For Aptasia, file fish is the best but have to remove after it has done its job otherwise it will eat your zoa polys. But then again depending on the size of your tank and amount of rocks in the tank whether its easy to catch the file fish.

______


----------



## appak

http://www.reefcentral.com/forums/showthread.php?t=191170

apparently bicolor angels will eat them. can't confirm from personal experience as i've never been "lucky" enough to get majanos.


----------



## Jeepcarpenter

I don't have any expierience with saltwater/reef but if all else fails, could always build a shock or fire probe, does involve having to get to each one over time though. Could always place something to block light like a shell; over them so they move, hopefully onto said shell (for easy removal). If you do go shock route, please make sure you know what you are doing or get someone who does. 


Sent from my iPhone using Tapatalk


----------



## Kooka

I will look into the angelfish for sure. There are a few butterflyfish that apparently also like to chow down on these things, but again they tend to munch on other soft corals as well. 

Manual eradication would be a PITA as the tank is 250 gallons and the anemones cover almost all available rock. Thanks everyone for your tips and suggestions, I'll update with any progress!


----------



## mmatt

Kooka said:


> I will look into the angelfish for sure. There are a few butterflyfish that apparently also like to chow down on these things, but again they tend to munch on other soft corals as well.
> 
> Manual eradication would be a PITA as the tank is 250 gallons and the anemones cover almost all available rock. Thanks everyone for your tips and suggestions, I'll update with any progress!


Damn. All the rock?? Maybe remove all roxk and start off fresh. Pricy but will keep the sanity.

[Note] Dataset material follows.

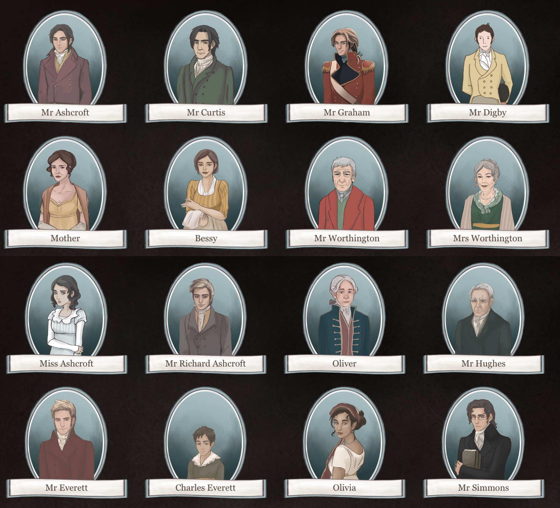 Regency Love (2015– ), a mobile game for iOS, possesses, to the best of our knowledge, the only development team to have presented at the British Society for Eighteenth-Century Studies (BSECS). Players interact with a variety of characters, and choices impact the player’s attributes—dutiful, compassionate, spirited, sensible, or gentle. Through minigames of Austen trivia, the players also improve their “accomplishments” in the areas of dancing, drawing, music, needlework, reading, and riding. These choices affect the ultimate ending of the game and how the player character feels about that ending. The suitors are heavily influenced by Austen characters: Mr. Ashcroft, a wealthy landowner and protective older brother strongly resembles Mr. Darcy, while Mr. Graham’s look and plot seems inspired by Colonel Fitzwilliam. Most strikingly, Mr. Curtis’s appearance is clearly based on Alan Rickman in the 1995 film adaptation of Sense and Sensibility. The last, Mr. Digby, is the default suitor who will always propose marriage, regardless of how you treat him. Designed to look more cartoonish than the other characters, he is a comedic character frequently ridiculed, drawing to mind more harmless and less pretentious failed suitors in Austen’s novels. As with many of the indie games we explored, this game hopes to be expanded with additional romantic options. Despite close female friendships in the current iteration of the game, all the romance options are mixed sex, but in an expansion to a London setting, the development team wishes to include the possibility of a same-sex relationship.
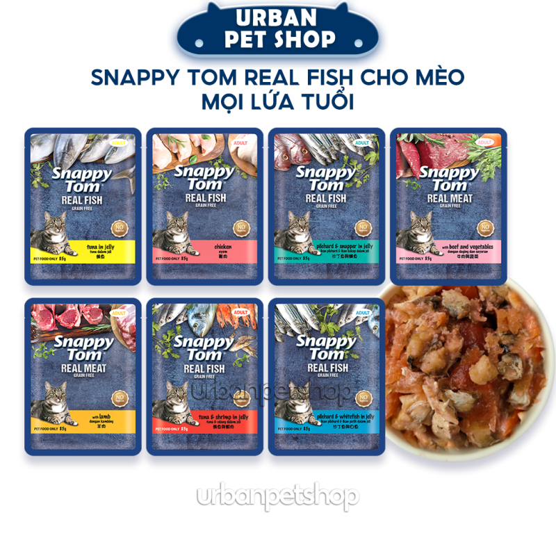 ➖  Dòng sản phẩm Snappy Tom Pouch được đóng gói với công thức đặc biệt kết hợp hải sản và thịt tự nhiên. Túi có 7 công thức được cân nhắc kỹ lưỡng, cung cấp các loại dưỡng chất thiết yếu khác nhau, giúp mèo phát triển toàn diện.

Or just learn to love them? Lol


----------



## tom g

*aptaisia*

agree with matt...

nuke her &#8230;.. try to save as much of the corals u can, remove and isolate and try manual removal or have fish in separate tank with fish that will eat &#8230;

then nuke remaining rock &#8230;.


----------



## Kooka

I don't think nuking the rocks would be an option at this point. It's an established tank and the owner would prefer to deal with the nems without blowing everything up. I think a multipronged approach of manual removal and getting a natural predator to slowly put a dent in their numbers would be the best way to proceed.


----------



## loonie

The best solution is file fish, they will not go after the corals until they have finish with what they want to eat. Its a big tank, so it is easy to catch the fish after he has done the job. I have one in my sump, I only use him for my 100gal tank when necessary.


----------



## Kooka

Loonie: I've heard of filefish going after aiptasia, but do they even touch majanos?


----------



## Matt1997

If there’s something I know it’s how to take out Mojanos. My tank was infested approximately 4 months ago. You have to be persistent. Hit them with Aiptasia X, it works very well. In my 100 gallon tank I did around 15ml worth everyday. Clear out the areas you want to put corals first. Spot treat each mojano. They will disappear. Here is before and after pics of my reef.


----------



## Matt1997




----------



## Kooka

Hey Matt, what a difference! I will try the Aptasia x but like I mentioned before its a big tank and the process will be arduous....


----------



## Matt1997

It’s definitely not easy. I cleared most of them out within a week by hitting them daily. I still find a few every now and then in my reef. I started with easily over a thousand and now I struggle to spot 10. Once I noticed their numbers dwindling I added the Aiptasia x as part of my weekly maintenance. You will likely never get them all


----------



## wtac

AiptasiaX is a mix of Kalk powder and a wee pinch of potassium permanganate (KMnO4) in that bottle.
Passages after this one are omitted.